▶ TASK REQUIREMENTS: For every record, give an exact copy that has no pictures in it.

▶ GIVEN ENTRIES:
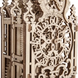 De houten 3D-puzzel WOODEN CITY Koninklijke klok is een prachtig meesterwerk met geavanceerde details en elegante lijnen. Een ideaal cadeau voor liefhebbers van schoonheid en verrassingen. Het model is geïnspireerd op de rococostijl en bevat gedetailleerde uitgesneden verstrengelde patronen. De Koninklijke klok is ontworpen om te functioneren als een echte tijdmeter met een aanpasbare slingerperiode, die afhangt van het aantal ingelegde munten.
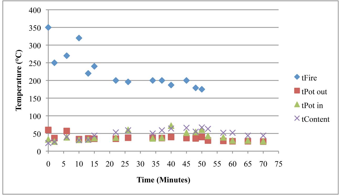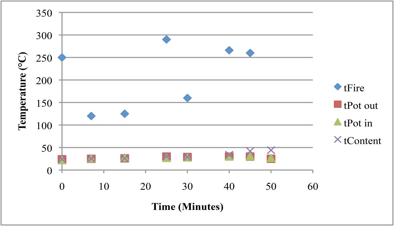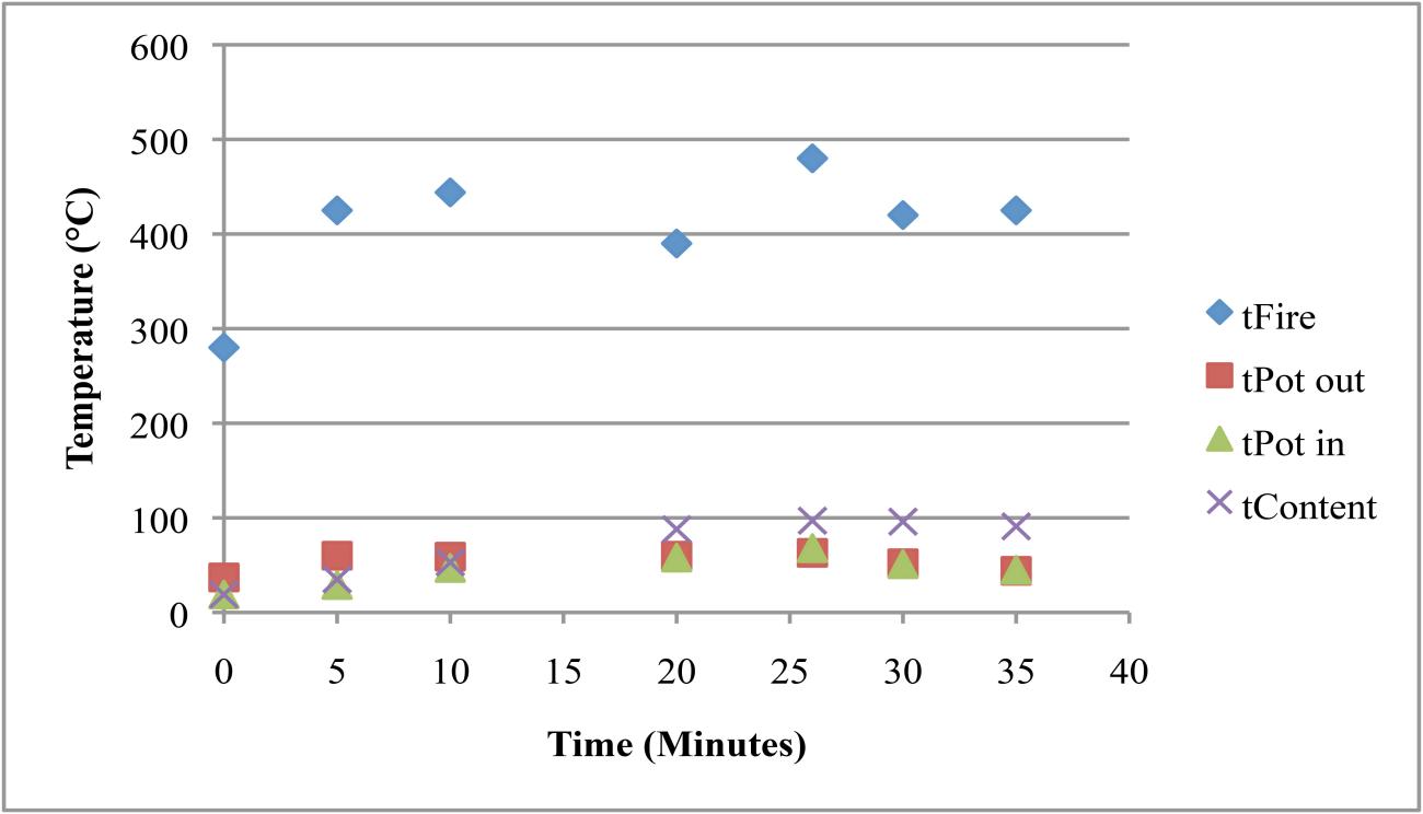 | Sheep / goat dung | The experiments using ovicaprid dung reached lower temperatures but stored the heat for a relatively long time. Two trials were undertaken (See Tables 8 and 9). In the first one, the temperature of the fire changed a lot, while the temperature of the content slowly and constantly increased (See Table 8). These changes in the temperature are presumably connected with the different properties of goat versus sheep dung and resulting problems in keeping a steady temperature. In the second experiment a fire dog was used to hold the cooking pot and the fire temperature was continuously around 300°C, providing stable conditions for the Nubian cooking pot and its contents (See Table 9). Quantity of dung used: 300g / 100g Highest temperature reached: 290° / 320°C |
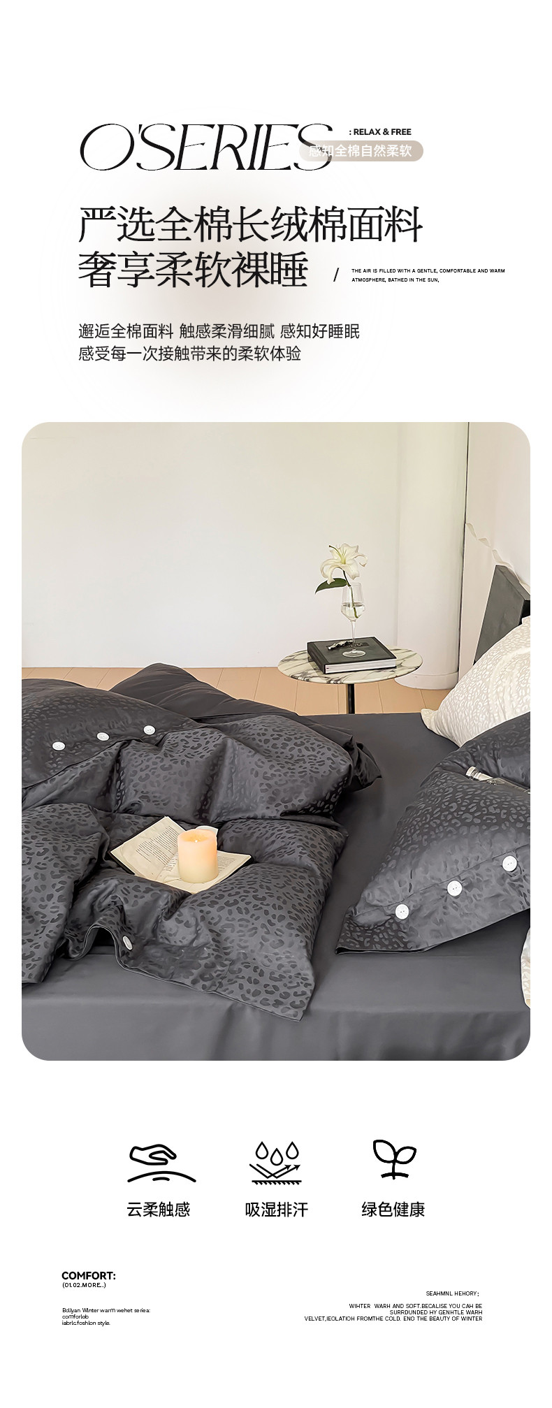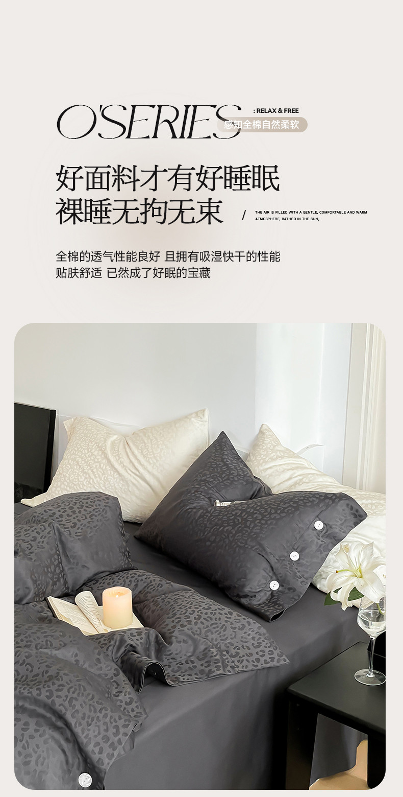 当前位置: 91家纺网 > 商品网购 > 床品套件 > 四件套 > 长绒棉四件套 > (总)华超针织 2023新款觅豹系列100支长绒棉提花四件套
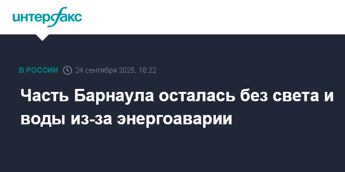 Москва. 24 сентября. INTERFAX.RU - Несколько районов Барнаула (Алтайский край) лишились в среду энерго- и водоснабжения в результате энергоаварии, сообщает Центр управления города.
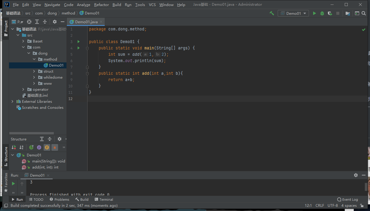 设计方法的原则:方法的本意是功能块,就是实现某个功能的语句块的集合。我们设计方法的时候,最好保持方法的原子性,就是一个方法只完成1个功能,这样利于我们后期的扩展。
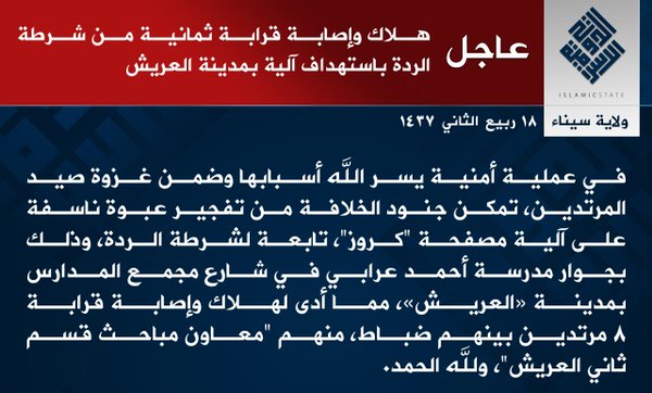نشر حساب منسوب لولاية سيناء التابعة لتنظيم الدولة، على موقع التغريدات القصيرة "تويتر"، بيان أعلن فيه تبني ولاية سيناء تفجيرها لمدرعة عسكرية وقتل ثمانية افراد من الشرطة فى مدينة العريش.
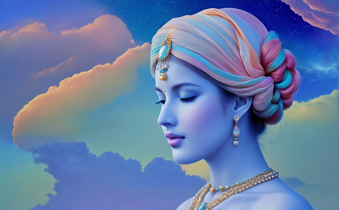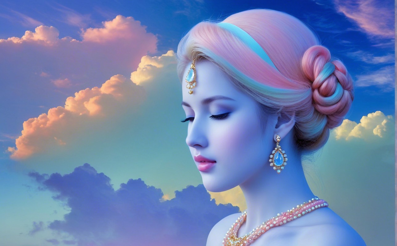 A serene portrait of a woman with pastel pink hair adorned with flowers and pearls. She gazes peacefully against a backdrop of soft, colorful clouds and a twilight sky.
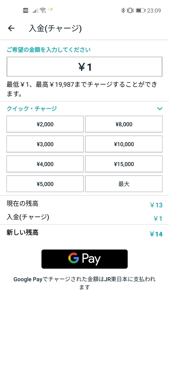 GooglePayでのカード決済にて~¥20,000までを購入できます。

▶ FINISHED EXERCISE:
 De houten 3D-puzzel WOODEN CITY Koninklijke klok is een prachtig meesterwerk met geavanceerde details en elegante lijnen. Een ideaal cadeau voor liefhebbers van schoonheid en verrassingen. Het model is geïnspireerd op de rococostijl en bevat gedetailleerde uitgesneden verstrengelde patronen. De Koninklijke klok is ontworpen om te functioneren als een echte tijdmeter met een aanpasbare slingerperiode, die afhangt van het aantal ingelegde munten.
 | Sheep / goat dung | The experiments using ovicaprid dung reached lower temperatures but stored the heat for a relatively long time. Two trials were undertaken (See Tables 8 and 9). In the first one, the temperature of the fire changed a lot, while the temperature of the content slowly and constantly increased (See Table 8). These changes in the temperature are presumably connected with the different properties of goat versus sheep dung and resulting problems in keeping a steady temperature. In the second experiment a fire dog was used to hold the cooking pot and the fire temperature was continuously around 300°C, providing stable conditions for the Nubian cooking pot and its contents (See Table 9). Quantity of dung used: 300g / 100g Highest temperature reached: 290° / 320°C |
 当前位置: 91家纺网 > 商品网购 > 床品套件 > 四件套 > 长绒棉四件套 > (总)华超针织 2023新款觅豹系列100支长绒棉提花四件套
 Москва. 24 сентября. INTERFAX.RU - Несколько районов Барнаула (Алтайский край) лишились в среду энерго- и водоснабжения в результате энергоаварии, сообщает Центр управления города.
 设计方法的原则:方法的本意是功能块,就是实现某个功能的语句块的集合。我们设计方法的时候,最好保持方法的原子性,就是一个方法只完成1个功能,这样利于我们后期的扩展。
نشر حساب منسوب لولاية سيناء التابعة لتنظيم الدولة، على موقع التغريدات القصيرة "تويتر"، بيان أعلن فيه تبني ولاية سيناء تفجيرها لمدرعة عسكرية وقتل ثمانية افراد من الشرطة فى مدينة العريش.
 A serene portrait of a woman with pastel pink hair adorned with flowers and pearls. She gazes peacefully against a backdrop of soft, colorful clouds and a twilight sky.
 GooglePayでのカード決済にて~¥20,000までを購入できます。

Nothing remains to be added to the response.